An illustration of "The Library of Babel" by Jorge Luis Borges
(the story is about an infinite library)


Everybody has one: it sits on your shelf or in your amazon.com shopping cart, it stares you down, it is the the Book You Always Avoid Starting. Perhaps you pick it up each time you visit a bookstore and roll it over in your hands. You calibrate its thickness with your fingers, and try to reassure yourself by saying, “Well, a lot of this is probably the index...”.
Most of the time we don’t read the Book We Always Avoid Starting until it becomes so overwhelmingly embarrassing that we haven’t read it that we are forced to ingest it like an antibiotic. Otherwise, maybe we will read it when it becomes especially obvious that we can impress a few important people by having read it. This often happens when we have been pretending we had read it and are worried our disguise is wearing thin.
Here are two reasons why I will not be reading the Book I Always Avoid Starting this summer:
  1. Good readers aren’t bluebook skimmers, they are project-focused. I have two major projects this summer: reading all of Kierkegaard, and reading all of Shakespeare. Confession: the main Book I Always Avoid Starting is Moby Dick. (Stop snickering, please; yes, I am an English major who has never read Moby Dick.) Is it cooler or more “important” to read Kierkegaard’s unpublished drafts for newspaper articles than  it is to read Moby Dick? No, definitely not. You get more canonicity points for Moby Dick, that is for sure, but ultimately I am going for depth and not breadth. I have found a few writers who are really speaking to me, who are changing who I am. My worry in attempting merely to “have read” some sort of Imagined Totality of Important Works (what I am equating here with an anthology) is that it would be like plastering over walls that were never built well in the first place.

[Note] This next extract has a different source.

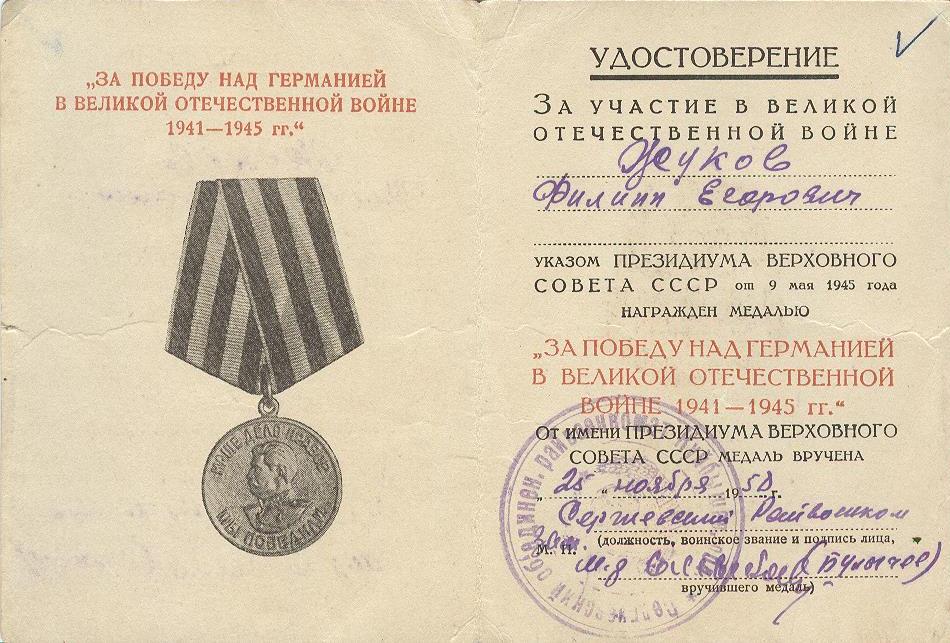 Материалы предоставлены снохой Жуковой Людмилой Георгиевной, с. Чекалино Сергиевского района Самарской области
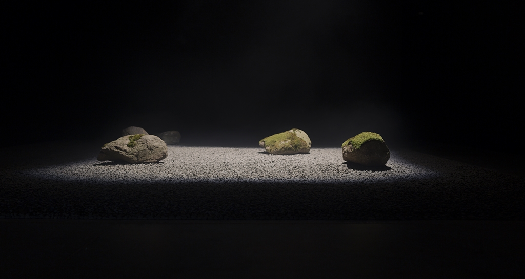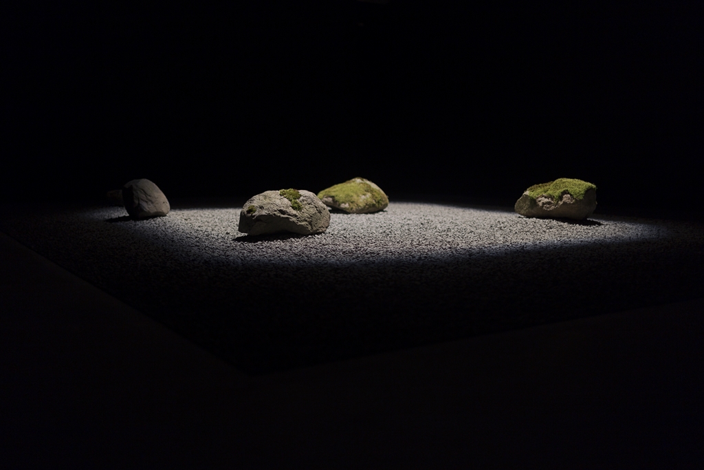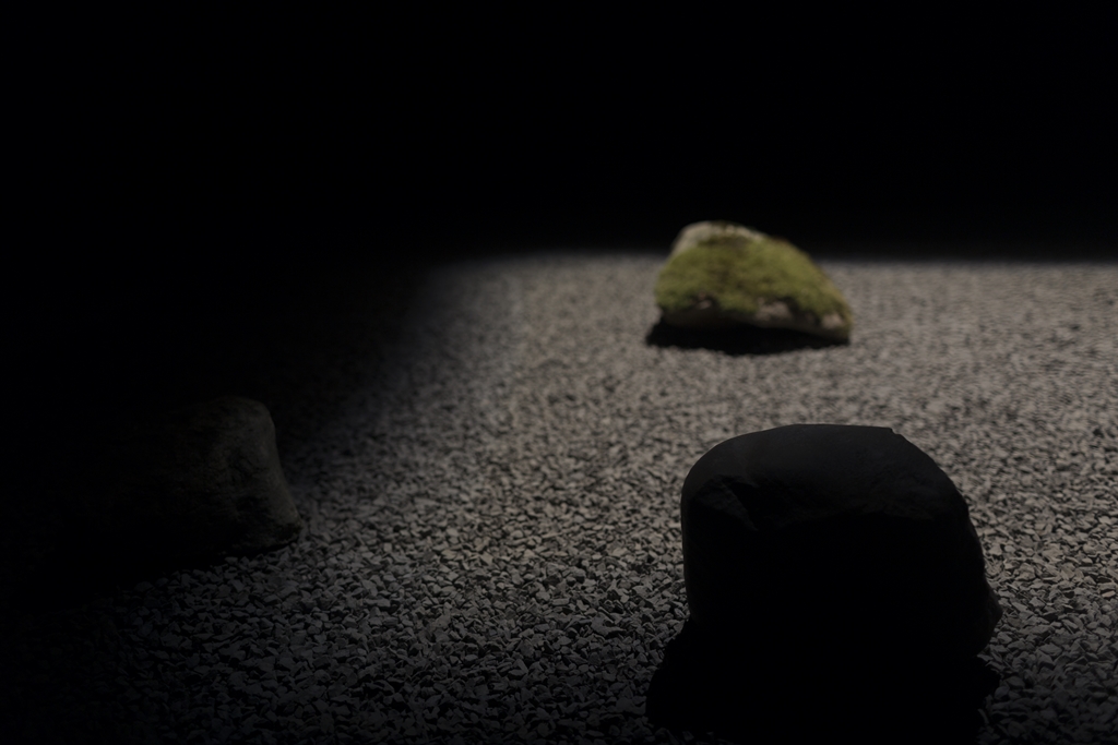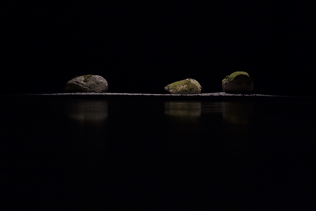 Myślę o momencie tuż przed końcem czasu. Nawiązująca do sztuki japońskich „suchych ogrodów” pozbawiona tytułu kompozycja przestrzenna jest niemą sceną powolnego trwania w zaniku. Osiadłe na krawędzi widzenia kamienne formy nie tworzą własnej narracji ani nie muszą zostać zrozumiane. Milczą, i dopiero wobec tego milczenia możliwa staje się właściwa, niełatwa i nieobiecująca ukojenia kontemplacja.

  2. A related reason: There is always another Book You Always Avoid Starting. After Moby Dick there would be Gulliver’s Travels, then Bleak House, then Anna Karenina, then Vanity Fair, then...and the list goes on. If I paid careful attention to lists and rating and that kind of thing, maybe by the time I die I could read something like the 1,000 Most Important Books according to most people. But then I would just be attempting to satisfy someone else’s list which was probably only created to impress someone else. On some level, I find the admission unavoidable that I can no more say that my favorite book is “the best book” than I can say that my foot is the best foot. It is what it is to me because it is a part of me, and I can’t remove it from that context just as I cannot remove my foot and take it around to compare with others’ feet.

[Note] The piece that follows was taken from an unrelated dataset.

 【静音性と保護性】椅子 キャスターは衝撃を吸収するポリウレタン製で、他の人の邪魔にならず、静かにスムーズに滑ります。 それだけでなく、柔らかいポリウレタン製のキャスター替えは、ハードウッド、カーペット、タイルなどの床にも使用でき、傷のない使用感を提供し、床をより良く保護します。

In our culture and academic climate there is something scandalously subversive about clinging to one author or book to the exclusion of other perfectly good ones, but I believe that this is precisely what we must do. In an information-saturated world, we need to practice attention and love rather than intellectual consumership. We each have a finite capacity to love well. I am reminded of a question Jacques Derrida poses in The Gift of Death: how could I ever justify feeding only my cat while all other hungry cats are left to starve? I imagine all the Books I Always Avoid Starting as hungry cats pawing at my windows, meowing desperately at my front door. I could--maybe--manage to provide the paltriest possible level of nutrition for all of these cats, but none would flourish.
In part, I want to identify this realization as one that informs what we are doing on this blog: conversing. If we knew everything we wouldn’t realize that we need friends. Also, it is the experience of having friends that reminds us what we don’t (and will never) know. It reminds us that the idea of a totality of knowledge is bogus. We--and our minds--aren’t containers to fill, but dynamic actors that learn by riffing and recontextualization, as well as some good-natured sparring now and then. So hopefully we interact toward the utilization of the depths and particularities of one another’s knowledge, not in some feeble attempt to fill in the supposed “gaps” in what we know. Hopefully we will remind ourselves that our differently-depthed-ness (I just made that word up) is what makes learning powerful.


By the way, if you want to confess the Book You Always Avoid Starting please feel free to do so below. This is a safe environment.